Então, quando se trata de se opor à agenda trabalhista, os conservadores não terão nada a dizer, porque ajudaram a viabilizar grande parte disso .
Enquanto isso, Nigel Farage, que agora conseguiu o que pretendia fazer ao pulverizar o Partido Conservador, passará para a próxima parte de sua agenda: levar a luta ao governo trabalhista para promover a reconfiguração da política britânica, reconectando-a com o mainstream britânico e recuperando o verdadeiro centro político que ele há muito imaginava.
Farage — o verdadeiro e único criador do Brexit — é o político mais consequente do período pós-Thatcher. Ele tem suas próprias falhas. Seus princípios de livre mercado o alinham com a ala do partido Tory que desapareceu dentro de sua visão de túnel econômica.

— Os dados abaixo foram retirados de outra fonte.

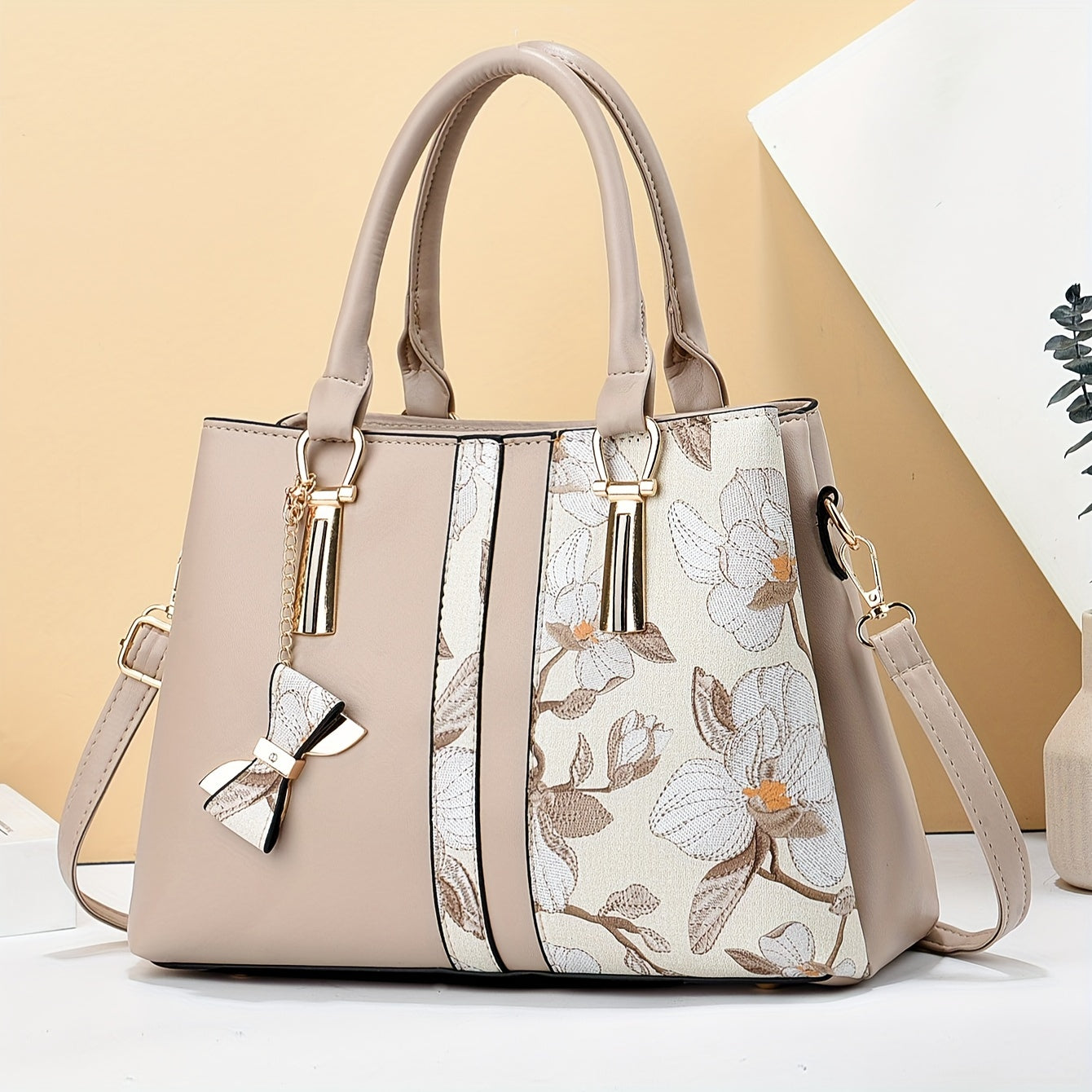 Շիկ ծաղկային նախշերով ձեռքի պայուսակ կանանց համար - ընդարձակ, եռաշերտ դիզայն՝ գրպաններով, կայծակաճարմանդով, դիմացկուն պոլիուրեթանային նյութից - հասանելի է խակի, կրեմագույն, կանաչ, կապույտ, սև գույներով

E sua tendência ao isolacionismo internacional e indiferença em relação à defesa são alarmantes.
Mas ele fala por milhões ao promover a independência da nação dentro de fronteiras devidamente policiadas e com a imigração mantida em níveis administráveis, e ao defender uma cultura baseada em sua própria história e tradições, consagrando a justiça, a ordem social e uma base na realidade que as pessoas podem reconhecer como um esforço nacional compartilhado e que podem chamar de lar.
A menos que os conservadores reconheçam que este é o terreno que eles abandonaram desastrosamente — e a menos que eles se comprometam a promovê-lo e defendê-lo — eles estão acabados.
Nos degraus do Número Dez, Starmer disse que governaria “sem o peso da doutrina”. Uma nação desiludida e cética está prestes a ver exatamente o que ele acha que isso significa.